=== INPUT MATERIAL ===
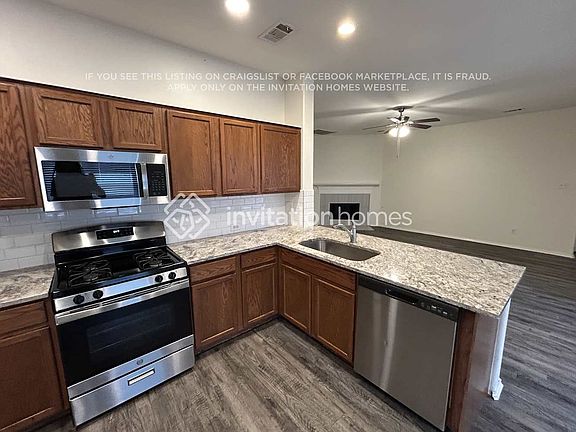 Lease this home and get more from Invitation Homes professional property management. This home comes fully loaded with quality amenities, must-have services, high-end tech and 24/7 emergency maintenance. Your estimated total monthly payment is $1943.90. That covers your base rent, $1799.00 + our required services designed to make your life easier: Air filter delivery ($9.95), Internet package ($85), Smart Home with video doorbell ($40), and Utility management ($9.95). We've built value into your lease with ProCare it's free! Our team of qualified professionals will take care of your home maintenance while you focus on the things that matter. And you get access to our exclusive resident offers with discounts to some of our favorite brands. This is the house you've been looking for. It's welcoming, stylish and comfortable. A breathtaking entryway and a functional design all come together to make a comfortable interior ready for you to transform it into your ideal home. Luxury vinyl plank flooring runs throughout the home's living area. The open living area gives you plenty of space for a dining room and entertainment area right by the fireplace. The comfortable kitchen space is complemented with granite countertops, premium cabinets, and stainless-steel appliances. Meal times and household gatherings will be even sweeter in this kitchen space you can make your own. Turn this fenced backyard into your ideal outdoor space. Set outdoor meals on the patio, make room for outdoor plants and decorate as you see fit to make the yard a space that reflects your sense of style. Apply online now! This home is located within the service area where our Internet Package is required, it will be equipped with high-speed internet and media streaming capabilities at just $85 per month, a great value. This monthly fee will be required in your lease. At Invitation Homes, we offer pet-friendly, yard-having homes for lease with Smart Home technology in awesome neighborhoods across the country. Live in a great house without the headache and long-term commitment of owning. Discover your dream home with Invitation Homes. Our Lease Easy bundle which includes Smart Home, Air Filter Delivery, and Utilities Management is a key part of your worry-free leasing lifestyle. These services are required by your lease at an additional monthly cost. Monthly fees for pets and pools may also apply. Home Features and Amenities: Air Conditioning, Fenced Yard, Fireplace, Garage, Granite Countertops, Long Lease Terms, Luxury Vinyl Plank, Open Floorplan, Patio, Pet Friendly, Primary Bedroom on Main, Recessed Lighting, Single Story House, Smart Home, Stainless Steel Appliances, Walk in Closet, W/D Hookups, and professionally managed by Invitation Homes. Invitation Homes is an equal housing lessor under the FHA. Applicable local, state and federal laws may apply. Additional terms and conditions apply. This listing is not an offer to rent. You must submit additional information including an application to rent and an application fee. All leasing information is believed to be accurate, but changes may have occurred since photographs were taken and square footage is estimated. Furthermore, prices and dates may change without notice. See InvitationHomes website for more information. Beware of scams: Employees of Invitation Homes will never ask you for your username and password. Invitation Homes does not advertise on Craigslist, Social Serve, etc. We own our homes; there are no private owners. All funds to lease with Invitation Homes are paid directly through our website, never through wire transfer or payment app like Zelle, Pay Pal, or Cash App. For more info, please submit an inquiry for this home. Applications are subject to our qualification requirements. Additional terms and conditions apply. CONSENT TO CALLS & TEXT MESSAGING: By entering your contact information, you expressly consent to receive emails, calls, and text messages from Invitation Homes including by autodialer, prerecorded or artificial voice and including marketing communications. Msg & Data rates may apply. You also agree to our Terms of Use and our Privacy Policy.
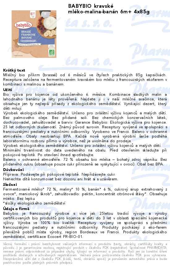 BABYBIO kravské mléko-malina-banán 6m+ 4x85g
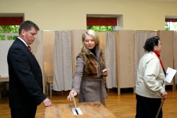 A Latvian woman casts her ballot during early parliamentary elections in Amata, Latvia, 17 September 2011. EPA/BGNES
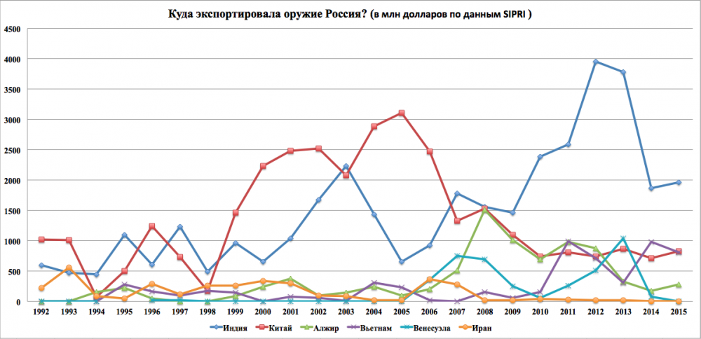 Среди главных импортеров российского оружия вполне ожидаем лидирует Индия, объем торговли с которой начал резко оживляться после трудных 90-х и не менее трудного для индийско-российских отношений периода первого десятилетия XXI века.
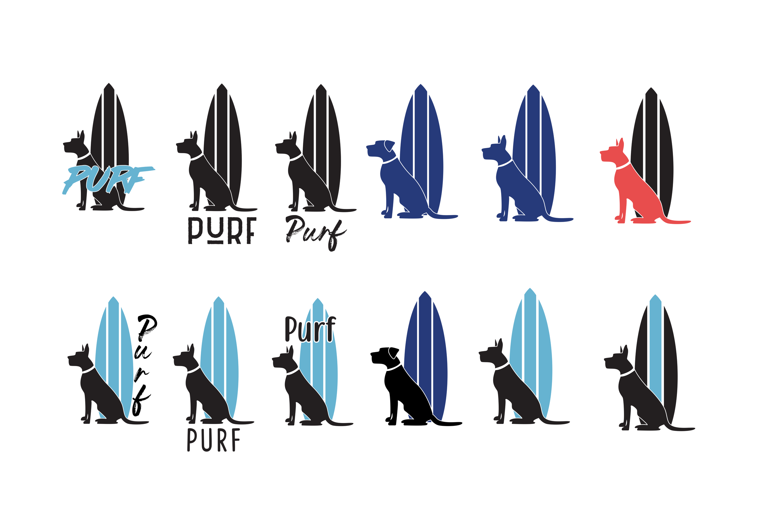 Nothing is more recognizable than a dog’s silhouette. The only difficult thing was deciding on whether the dog ears should be up or down. As much as surfing is it is something that needs a lot of focus and a dog with lifted ears is more alert. Blue was going to be given to represent water. I wanted the typeface to feel a little rough and have a beach vibe that is friendly. Batavia Sans stood out the most to me and looked well with the illustration. The typeface Congratulations had a nice handwritten look that fit the whole vibe of the company.

=== WORK TASK ===
Where a picture appears, omit it, and otherwise retype the material exactly.

=== TASK OUTPUT ===
 Lease this home and get more from Invitation Homes professional property management. This home comes fully loaded with quality amenities, must-have services, high-end tech and 24/7 emergency maintenance. Your estimated total monthly payment is $1943.90. That covers your base rent, $1799.00 + our required services designed to make your life easier: Air filter delivery ($9.95), Internet package ($85), Smart Home with video doorbell ($40), and Utility management ($9.95). We've built value into your lease with ProCare it's free! Our team of qualified professionals will take care of your home maintenance while you focus on the things that matter. And you get access to our exclusive resident offers with discounts to some of our favorite brands. This is the house you've been looking for. It's welcoming, stylish and comfortable. A breathtaking entryway and a functional design all come together to make a comfortable interior ready for you to transform it into your ideal home. Luxury vinyl plank flooring runs throughout the home's living area. The open living area gives you plenty of space for a dining room and entertainment area right by the fireplace. The comfortable kitchen space is complemented with granite countertops, premium cabinets, and stainless-steel appliances. Meal times and household gatherings will be even sweeter in this kitchen space you can make your own. Turn this fenced backyard into your ideal outdoor space. Set outdoor meals on the patio, make room for outdoor plants and decorate as you see fit to make the yard a space that reflects your sense of style. Apply online now! This home is located within the service area where our Internet Package is required, it will be equipped with high-speed internet and media streaming capabilities at just $85 per month, a great value. This monthly fee will be required in your lease. At Invitation Homes, we offer pet-friendly, yard-having homes for lease with Smart Home technology in awesome neighborhoods across the country. Live in a great house without the headache and long-term commitment of owning. Discover your dream home with Invitation Homes. Our Lease Easy bundle which includes Smart Home, Air Filter Delivery, and Utilities Management is a key part of your worry-free leasing lifestyle. These services are required by your lease at an additional monthly cost. Monthly fees for pets and pools may also apply. Home Features and Amenities: Air Conditioning, Fenced Yard, Fireplace, Garage, Granite Countertops, Long Lease Terms, Luxury Vinyl Plank, Open Floorplan, Patio, Pet Friendly, Primary Bedroom on Main, Recessed Lighting, Single Story House, Smart Home, Stainless Steel Appliances, Walk in Closet, W/D Hookups, and professionally managed by Invitation Homes. Invitation Homes is an equal housing lessor under the FHA. Applicable local, state and federal laws may apply. Additional terms and conditions apply. This listing is not an offer to rent. You must submit additional information including an application to rent and an application fee. All leasing information is believed to be accurate, but changes may have occurred since photographs were taken and square footage is estimated. Furthermore, prices and dates may change without notice. See InvitationHomes website for more information. Beware of scams: Employees of Invitation Homes will never ask you for your username and password. Invitation Homes does not advertise on Craigslist, Social Serve, etc. We own our homes; there are no private owners. All funds to lease with Invitation Homes are paid directly through our website, never through wire transfer or payment app like Zelle, Pay Pal, or Cash App. For more info, please submit an inquiry for this home. Applications are subject to our qualification requirements. Additional terms and conditions apply. CONSENT TO CALLS & TEXT MESSAGING: By entering your contact information, you expressly consent to receive emails, calls, and text messages from Invitation Homes including by autodialer, prerecorded or artificial voice and including marketing communications. Msg & Data rates may apply. You also agree to our Terms of Use and our Privacy Policy.
 BABYBIO kravské mléko-malina-banán 6m+ 4x85g
 A Latvian woman casts her ballot during early parliamentary elections in Amata, Latvia, 17 September 2011. EPA/BGNES
 Среди главных импортеров российского оружия вполне ожидаем лидирует Индия, объем торговли с которой начал резко оживляться после трудных 90-х и не менее трудного для индийско-российских отношений периода первого десятилетия XXI века.
 Nothing is more recognizable than a dog’s silhouette. The only difficult thing was deciding on whether the dog ears should be up or down. As much as surfing is it is something that needs a lot of focus and a dog with lifted ears is more alert. Blue was going to be given to represent water. I wanted the typeface to feel a little rough and have a beach vibe that is friendly. Batavia Sans stood out the most to me and looked well with the illustration. The typeface Congratulations had a nice handwritten look that fit the whole vibe of the company.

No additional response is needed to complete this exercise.